== Source data ==
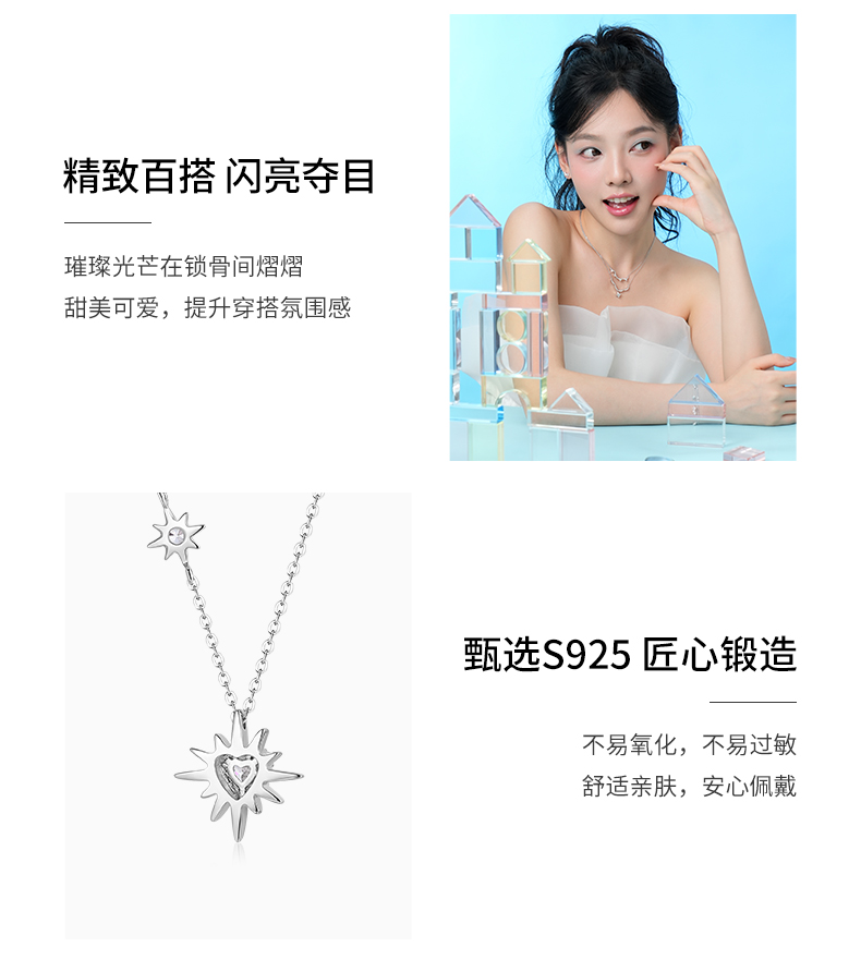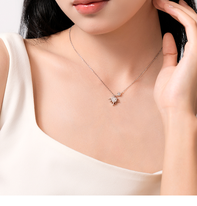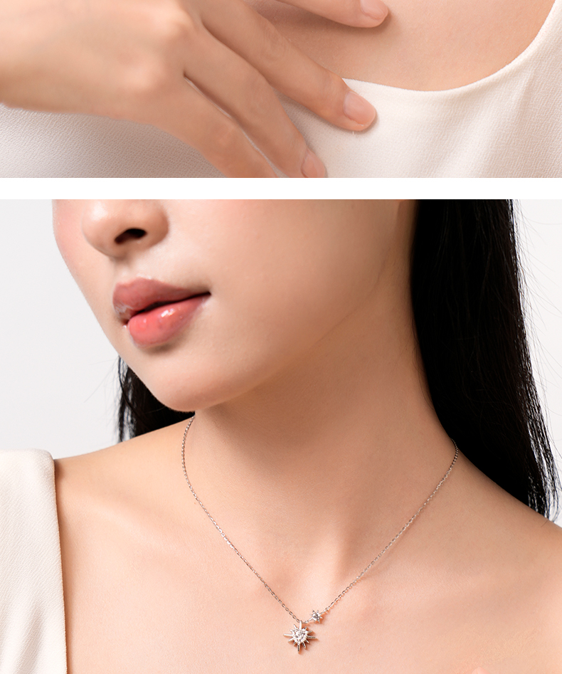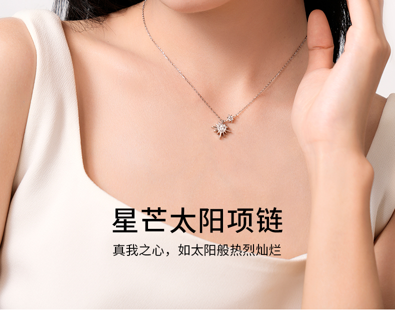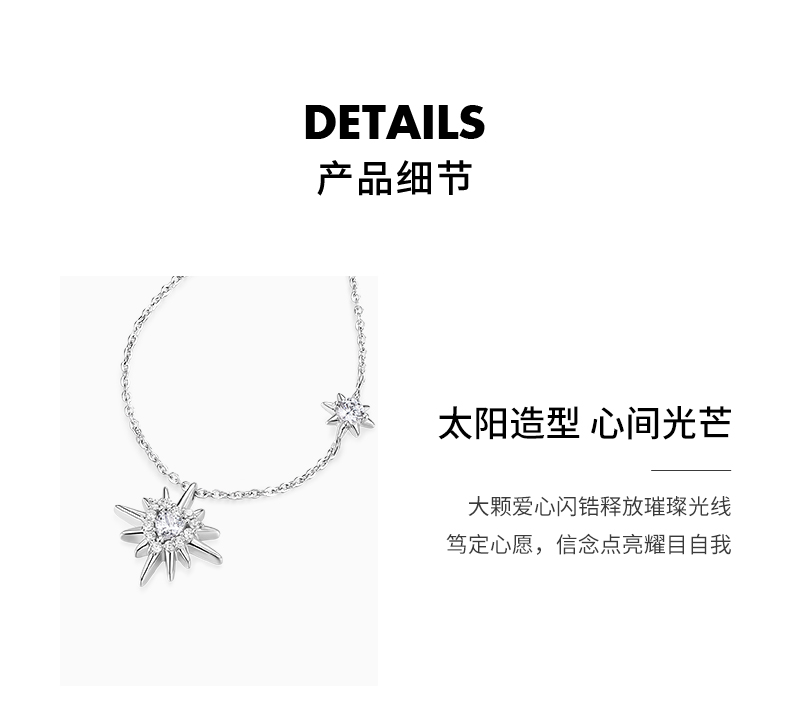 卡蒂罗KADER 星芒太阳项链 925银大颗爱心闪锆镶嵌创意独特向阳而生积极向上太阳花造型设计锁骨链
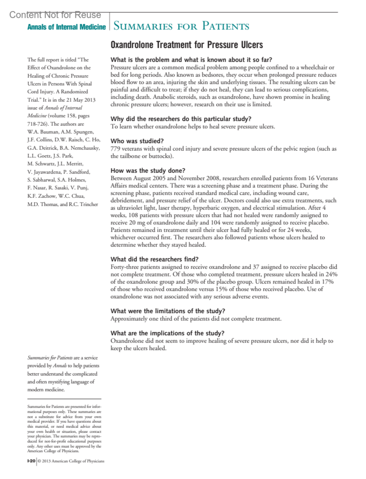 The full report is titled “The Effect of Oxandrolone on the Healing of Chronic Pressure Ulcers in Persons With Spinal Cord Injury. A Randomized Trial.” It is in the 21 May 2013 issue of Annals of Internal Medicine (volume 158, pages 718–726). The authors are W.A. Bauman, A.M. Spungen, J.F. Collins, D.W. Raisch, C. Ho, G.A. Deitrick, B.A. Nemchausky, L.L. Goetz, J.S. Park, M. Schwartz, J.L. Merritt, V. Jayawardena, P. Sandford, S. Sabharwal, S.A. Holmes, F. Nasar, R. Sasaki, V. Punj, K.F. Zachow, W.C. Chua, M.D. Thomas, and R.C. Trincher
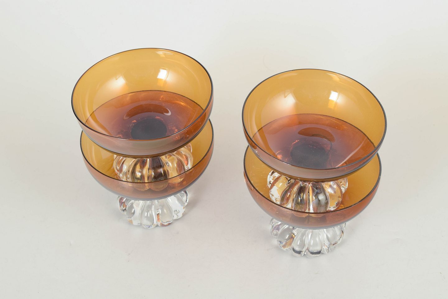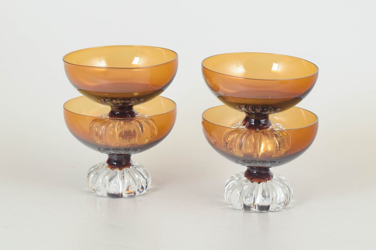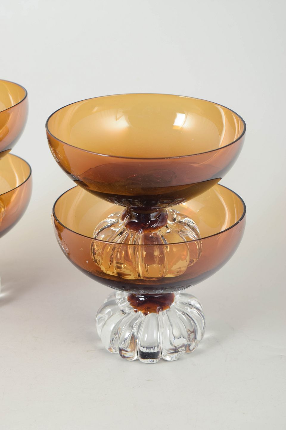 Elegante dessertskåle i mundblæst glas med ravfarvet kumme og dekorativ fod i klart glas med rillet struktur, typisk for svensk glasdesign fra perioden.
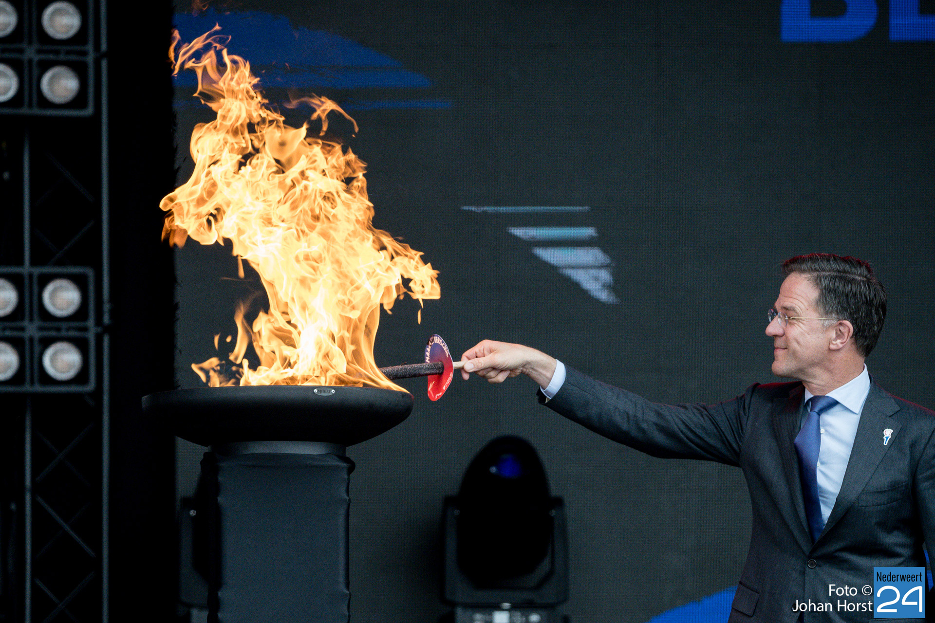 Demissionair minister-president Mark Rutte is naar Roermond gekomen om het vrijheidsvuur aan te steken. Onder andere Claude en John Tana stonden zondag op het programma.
===
_Work instruction_:
The whole listing, minus its images, should be repeated exactly.

_Your solution_:
 卡蒂罗KADER 星芒太阳项链 925银大颗爱心闪锆镶嵌创意独特向阳而生积极向上太阳花造型设计锁骨链
 The full report is titled “The Effect of Oxandrolone on the Healing of Chronic Pressure Ulcers in Persons With Spinal Cord Injury. A Randomized Trial.” It is in the 21 May 2013 issue of Annals of Internal Medicine (volume 158, pages 718–726). The authors are W.A. Bauman, A.M. Spungen, J.F. Collins, D.W. Raisch, C. Ho, G.A. Deitrick, B.A. Nemchausky, L.L. Goetz, J.S. Park, M. Schwartz, J.L. Merritt, V. Jayawardena, P. Sandford, S. Sabharwal, S.A. Holmes, F. Nasar, R. Sasaki, V. Punj, K.F. Zachow, W.C. Chua, M.D. Thomas, and R.C. Trincher
 Elegante dessertskåle i mundblæst glas med ravfarvet kumme og dekorativ fod i klart glas med rillet struktur, typisk for svensk glasdesign fra perioden.
 Demissionair minister-president Mark Rutte is naar Roermond gekomen om het vrijheidsvuur aan te steken. Onder andere Claude en John Tana stonden zondag op het programma.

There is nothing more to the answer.